Asian local currency bonds have various intrinsic strengths, which make them an alternative safe haven asset with low correlations to risk assets…
For professional investors and advisers only.This document is not suitable for retail
Pieter van der Schaft, Product Specialist, Asian Fixed Income
Although Asian local currency bonds posted negative returns during May, these were much smaller than those of developed market bonds. In fact, Asian local currency bonds have various intrinsic strengths, which make them an alternative safe haven asset with low correlations to risk assets. They also offer a superior risk-return profile versus developed market bonds when currency-hedged. An added benefit is that Asian local currency bonds offer yields which remain near historically high levels relative to US Treasuries.

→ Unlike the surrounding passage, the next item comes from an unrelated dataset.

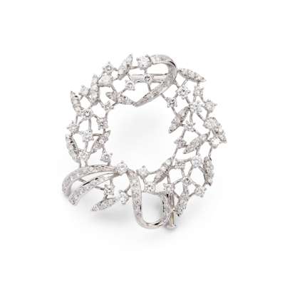 Of pierced wreath design, set throughout with graduated round brilliant-cut diamonds, UK hallmarks

The benefits of diversification
Amid severe weakness in most developed government bond and emerging market (EM) local currency bond markets during May, Asian local currency bond markets showed greater resilience with a negative return of -2.60%. This compares to negative returns of -3.44% and -5.65% for the Citi WGBI and JPM GBI broad diversified indices, respectively. This resilience of Asian local currency bonds is reflective of various intrinsic strengths of the asset class. Firstly, the HSBC Asian local currency bond index offers exposure to 11 liquid bond markets, which are generally rated investment grade. It covers economies with diverse levels of per capita incomes, economic structures and currency regimes (exhibit 1). For instance, 55% of countries in the HSBC ALBI index (by market cap) are rated AA or above, 23% of bonds in the index are denominated in currencies (CNY, CNH and HKD) which track the USD closely, while 25% of the index consists of countries (India, Indonesia, the Philippines) which are classified by the World Bank as lower middle income. This results in significant diversification benefits. Only four markets suffered significant negative returns (in excess of -1% in USD terms) in May and – with the exception of Indonesia – these were generally the region’s high grade markets (HK, Singapore), which are more sensitive to US Treasuries.